Here's a complete cleaned up presentation of S combinator:
lambda=:3 :0
if. 1=#;:y do.
3 :((y,'=.y');<;._2]0 :0)`''
else.
(,<#;:y) Defer (3 :(('''',y,'''=.y');<;._2]0 :0))`''
end.
)
Defer=:2 :0
if. (_1 {:: m) <: #m do.
v |. y;_1 }. m
else.
(y;m) Defer v`''
end.
)
I=: lambda 'x'
x
)
K=: lambda 'x y'
x
)
S=: lambda 'x y z'
(x`:6 z)`:6 y`:6 z
)
I is a simple identity mechanism.
K produces a constant function. Conceptually it's similar to [ (with
something like an implicit & when you give it only one argument
because of the way lambda is used)
S is something like a monadic hook.
Thus,
((S`:6 K)`:6 K)`:6 'a'
a
((S`:6 K)`:6 I)`:6 'a'
a
((S`:6 K)`:6 S)`:6 'a'
a
It does not matter what the second operation is, since it gets
ignored.
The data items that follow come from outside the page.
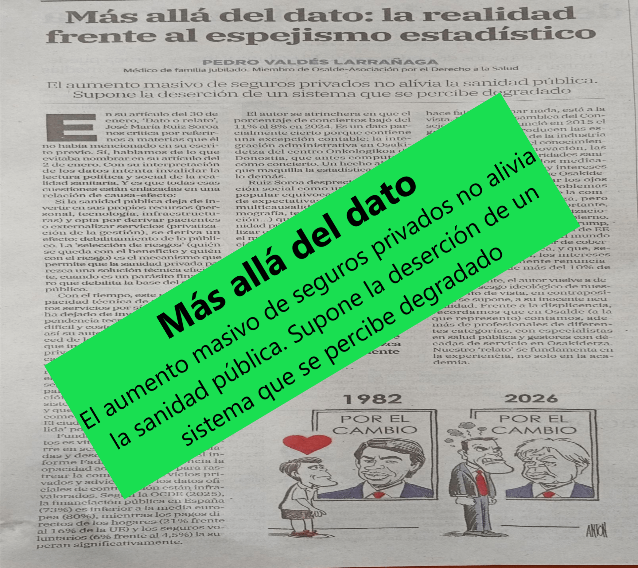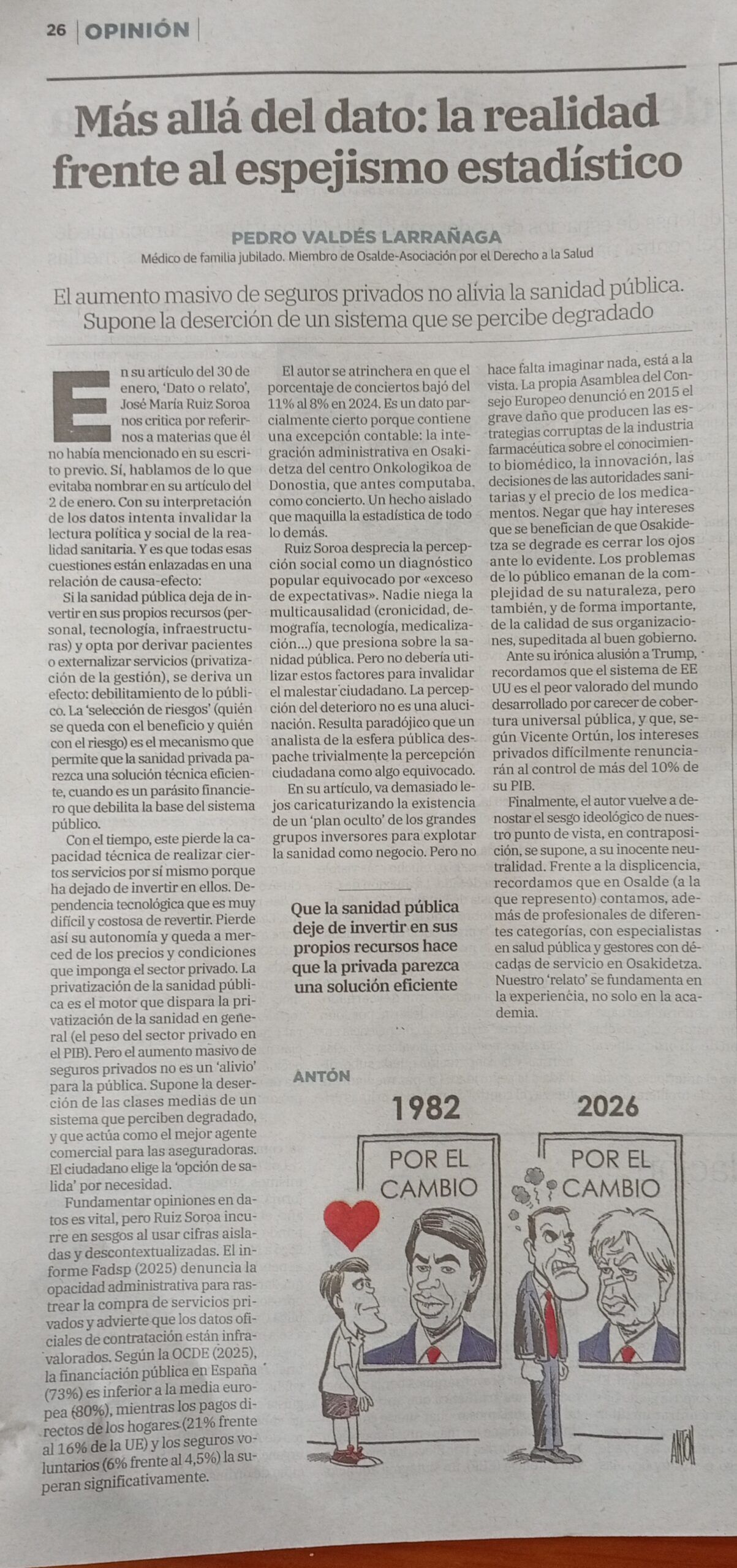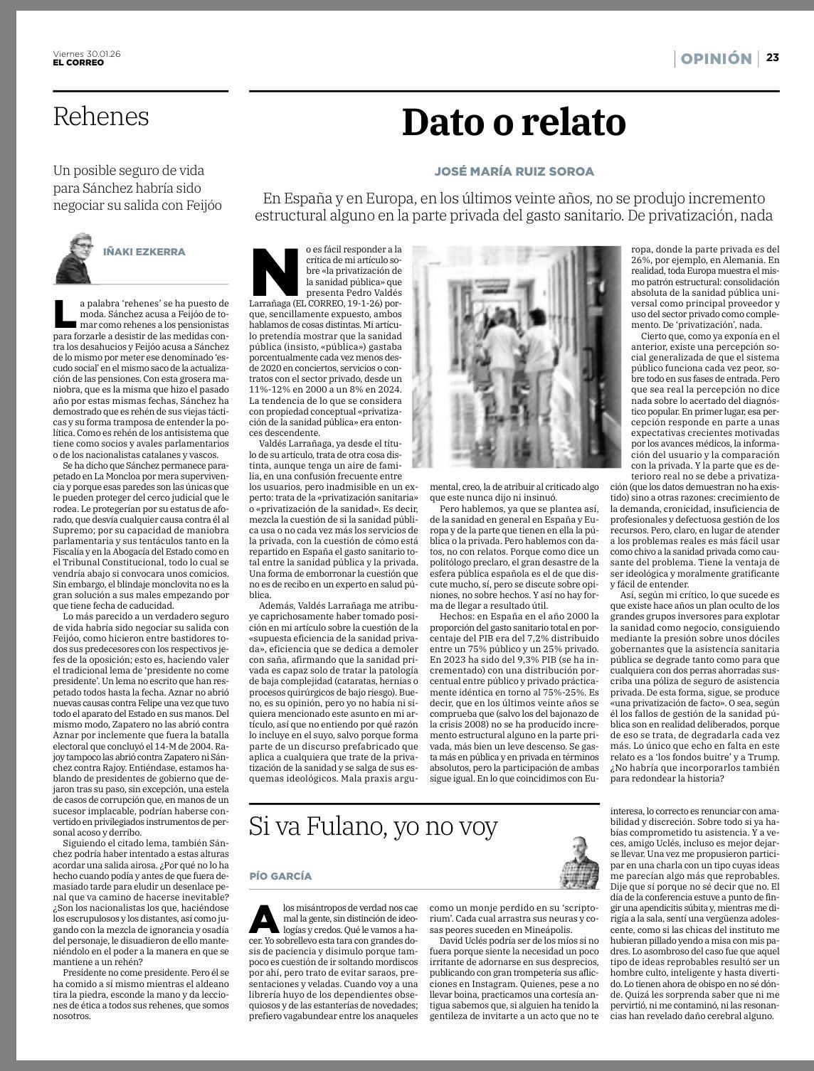 Réplica de Pedro Valdés (OSALDE) en El Correo al artículo de Jose María Ruiz Soroa «Dato o relato» (a su vez respuesta al artículo de Pedro Valdés «Privatización sanitaria: no es solo cuestión de porcentaje»)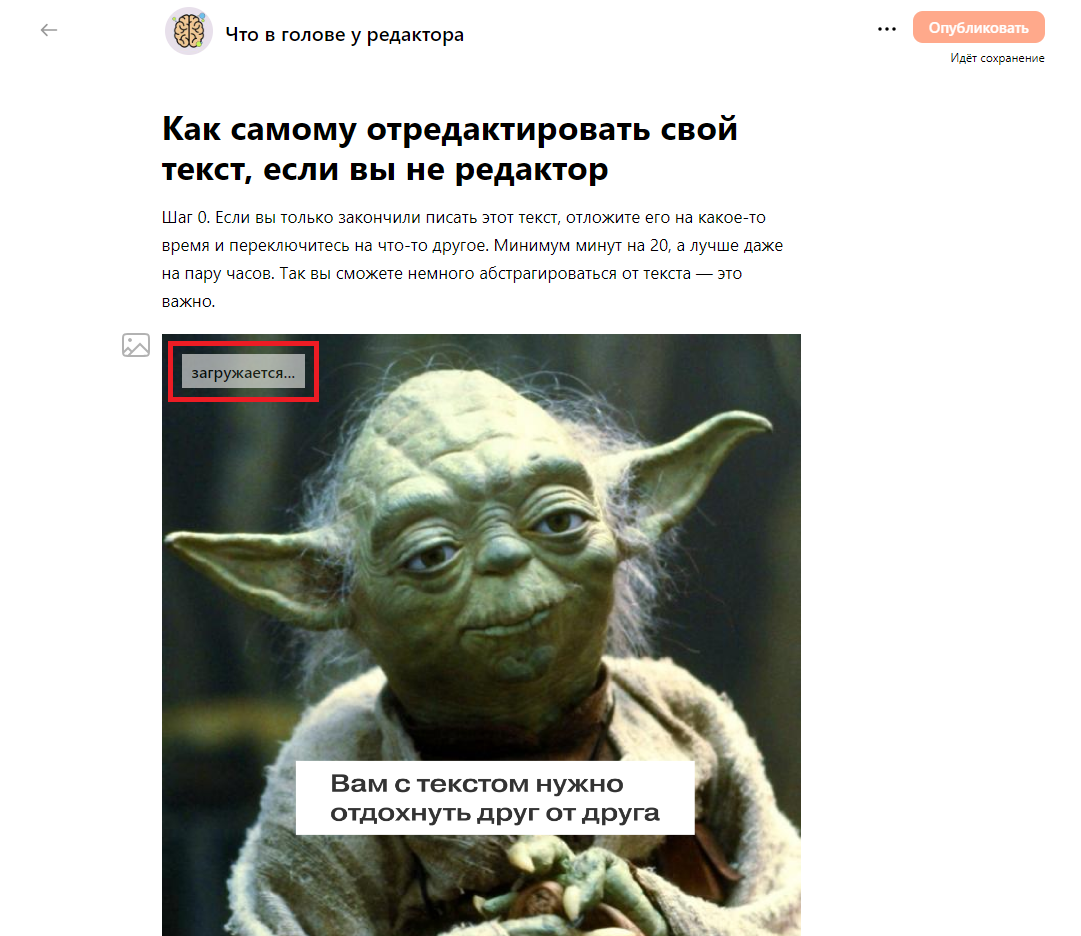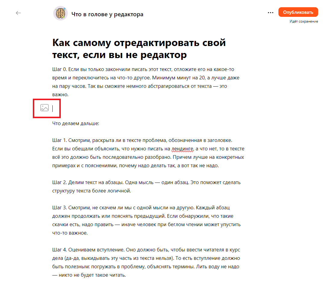 Шаг 2. Добавьте текст статьи в соответствующие поля, оформите выделения и подзаголовки. Затем выберите место, куда вы хотите добавить изображение, и добавьте пустую строку. Тогда слева от строки появится иконка с картинкой.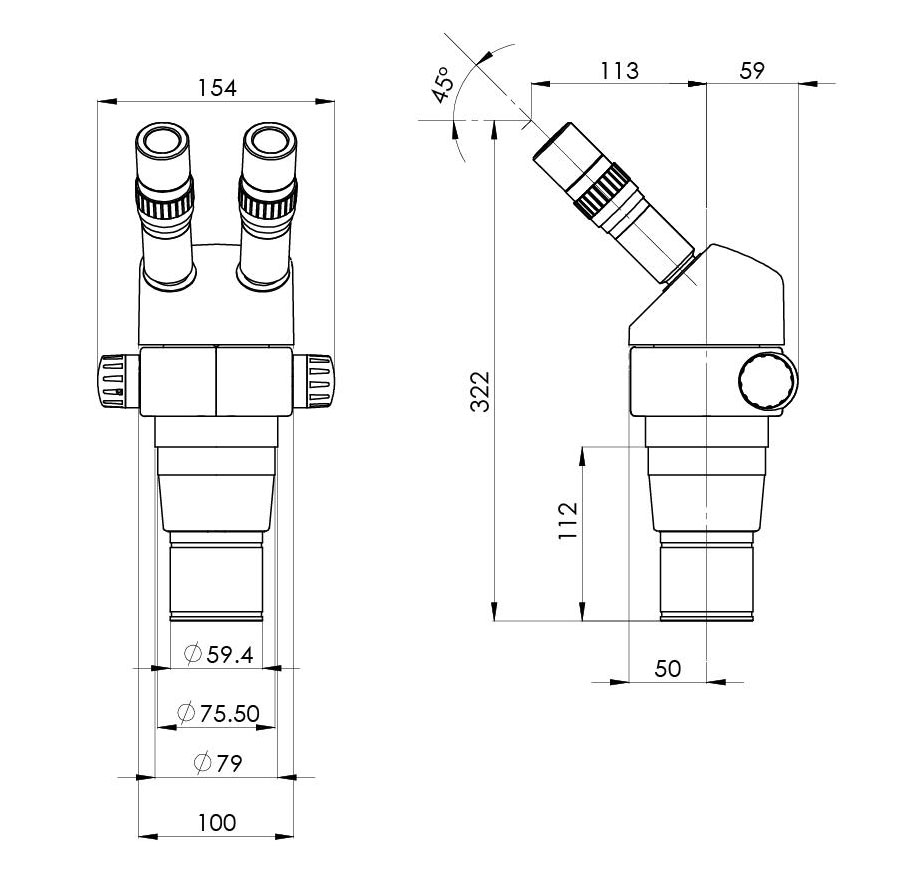 瞳距調節范圍(用10X 目鏡)

Here's a presentation of this concept in native J:
([ [) 'a'
a
([ ]) 'a'
a
([ S`:6) 'a'
a
([ (; #)) 'a'
a
When you use a left identity as the left tine of a monadic fork, any
valid verb used in the right tine of the fork will be ignored.
Also, here's the Y combinator expressed using this system:
Y=: lambda 'f x'
(f`:6 (Y`:6 f))`:6 x
)
almost_factorial=: lambda 'f n'
if. 0 >: n do. 1
else. n * f`:6 n-1 end.
)
almost_fibonacci=: lambda 'f n'
if. 2 > n do. n
else. (f`:6 n-1) + f`:6 n-2 end.
)
(Y`:6 almost_factorial)`:6] 5
120
And to get rid of the word forming issue with `:6 you might instead want to use
Ev=: `:6
(Y Ev almost_factorial)Ev 5
120
(Y Ev almost_fibonacci)Ev 8
21
And, finally:
successor=: lambda 'f n'
try. f`:6 n+1 catch. n end.
)
(Y Ev successor)Ev 0
This will hang the machine.
So here we have a model for recursion in J which is not limited by the C stack.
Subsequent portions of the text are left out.